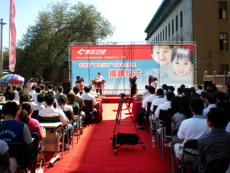8月22日上午,在新落成的吉大口腔医学院新医疗综合楼前,民政部社会福利和慈善事业促进司兼重生行动项目办公室主任、副司长张世峰,李嘉诚基金会代表、李嘉诚汕头大学发展基金会执行董事李玉光,吉大党委书记陈德文,长春市副市长郑文芝共同为吉林省“重生行动”项目承办医院揭牌,吉大口腔医学院成为“重生行动”在吉林省的惟一承办单位。
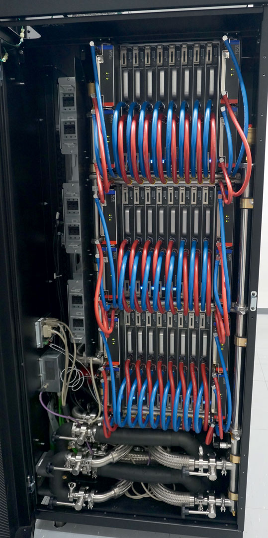 Unutrašnjost superračunala: Vrlo je uredna, vide se samo cijevi za hlađenje.
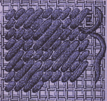 Au lieu de sertir sur les quatre cotés les carrés, on les fait suivre en ligne oblique non interrompue, de sorte que les points forment des marches. Des demi-points de croix, par dessus un fil double, séparent les lignes de carrés.
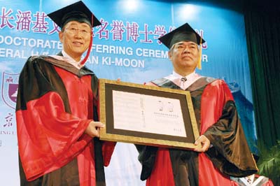 昨天下午,凯发k8官网举行的受聘典礼上,身着红黑色学位服、头戴方形博士帽的联合国秘书长潘基文面对近千名凯发师生代表,接过了凯发k8官网校长陈骏颁授的法学名誉博士学位证书。至此,凯发k8官网已经授予包括潘基文在内的10位国(境)外著名学者和政治家名誉博士学位。
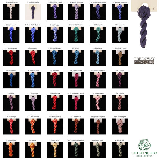 We offer the finest selection of the most unique needlepoint threads including Au Ver A Soie, Burmilana, Dinky Dyes, Silk and Ivory, Rainbow Gallery, Vineyard Merino and Vineyard Silk, Planet Earth, and the Caron Collection. We offer a free thread concierge service with every purchase.  When your canvas is ready to ship, we will reach out via text and ask if you'd like to see the coordinating threads.
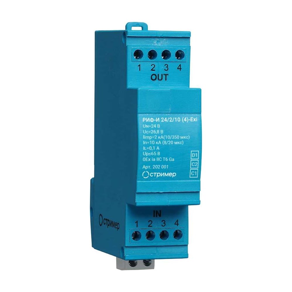 Устройство защиты от импульсных перенапряжений для информационных систем во взрывозащищенном исполнении Стример РИФ-И 24/2/10 (4)-Exi
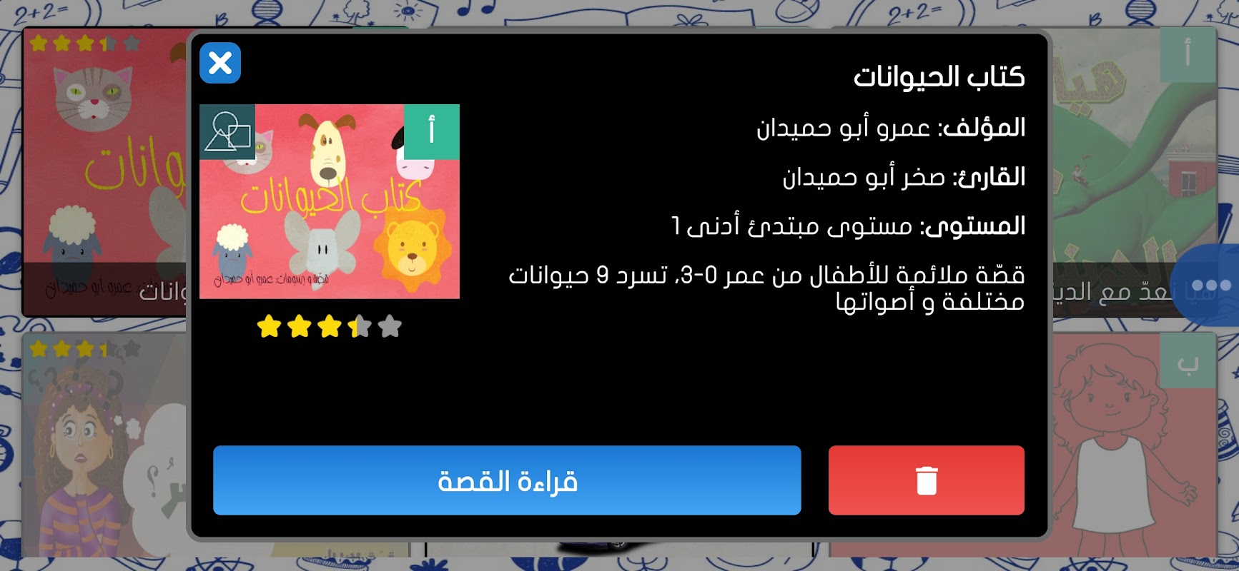 多くの無料のアラビア語の童話をダウンロードして、読んだり聞いたりできるプログラム。ストーリーは、お子様が読むことを学ぶのに役立つように段階的に難易度が付けられています。新しいストーリーを追加すると、プログラムも更新されます。このプログラムのすべてのストーリーは無料です。
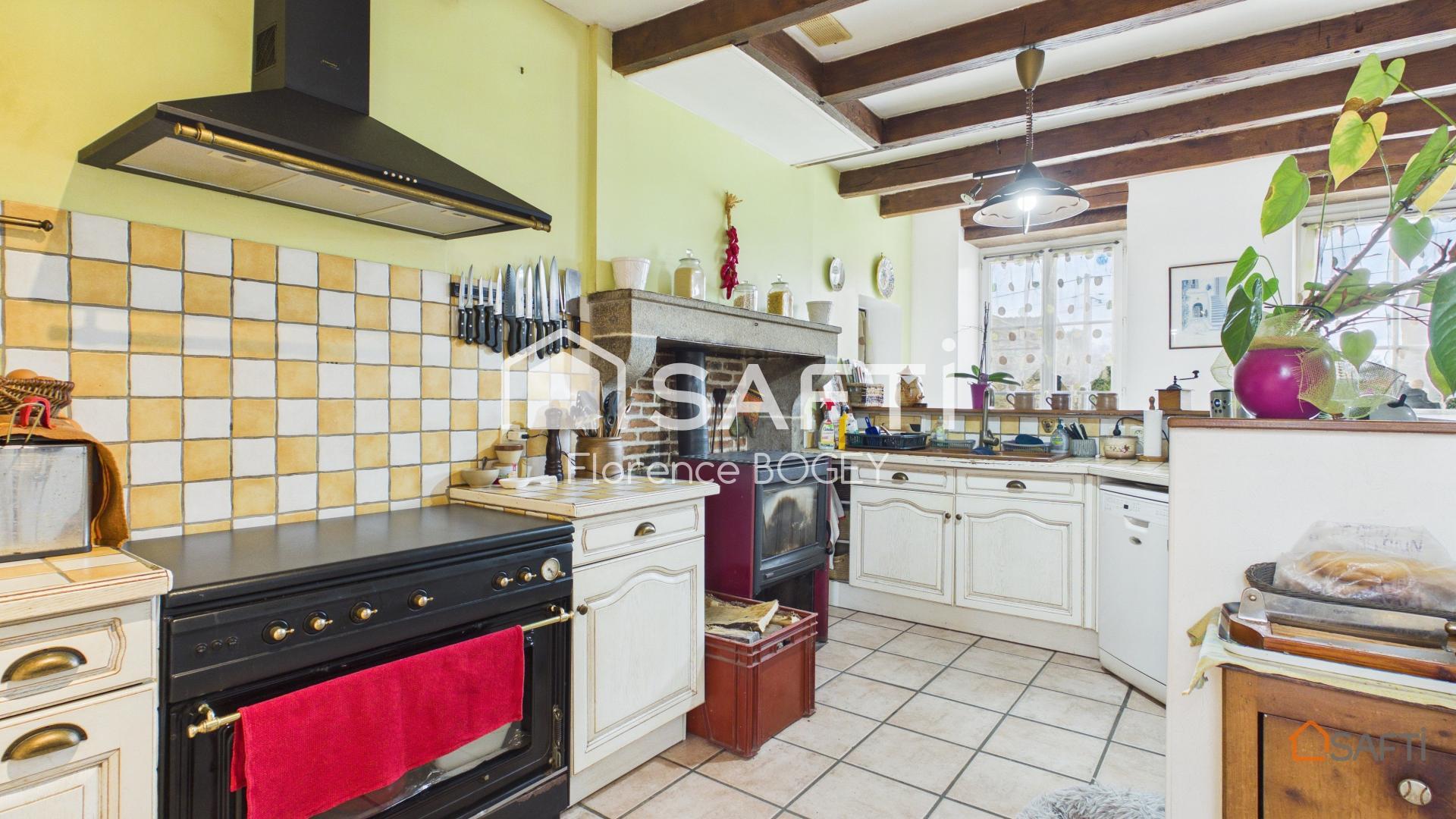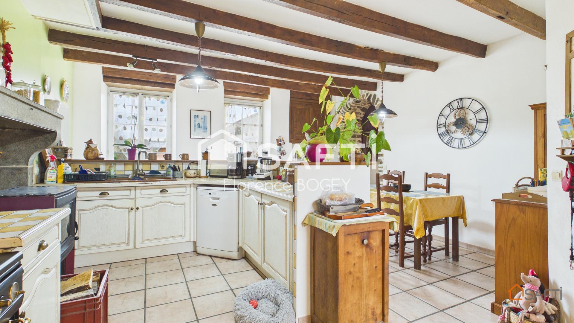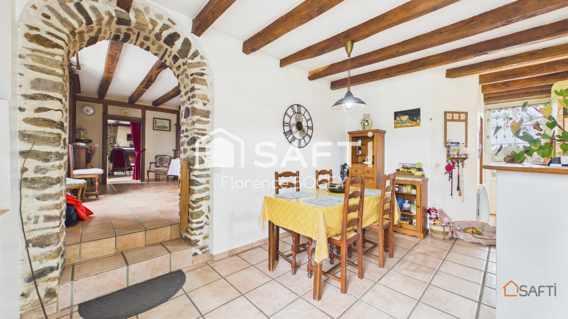 D’une surface habitable d’environ 164 m², la maison a été entretenue avec soin et conserve tout le cachet de l’ancien. Les poutres apparentes, la pierre et les volumes généreux créent une ambiance authentique et accueillante.

*-*-*

The required output is every line from the beginning of the material above through the line with "Unutrašnjost superračunala: Vrlo", exact and without pictures.

8月22日上午,在新落成的吉大口腔医学院新医疗综合楼前,民政部社会福利和慈善事业促进司兼重生行动项目办公室主任、副司长张世峰,李嘉诚基金会代表、李嘉诚汕头大学发展基金会执行董事李玉光,吉大党委书记陈德文,长春市副市长郑文芝共同为吉林省“重生行动”项目承办医院揭牌,吉大口腔医学院成为“重生行动”在吉林省的惟一承办单位。
 Unutrašnjost superračunala: Vrlo je uredna, vide se samo cijevi za hlađenje.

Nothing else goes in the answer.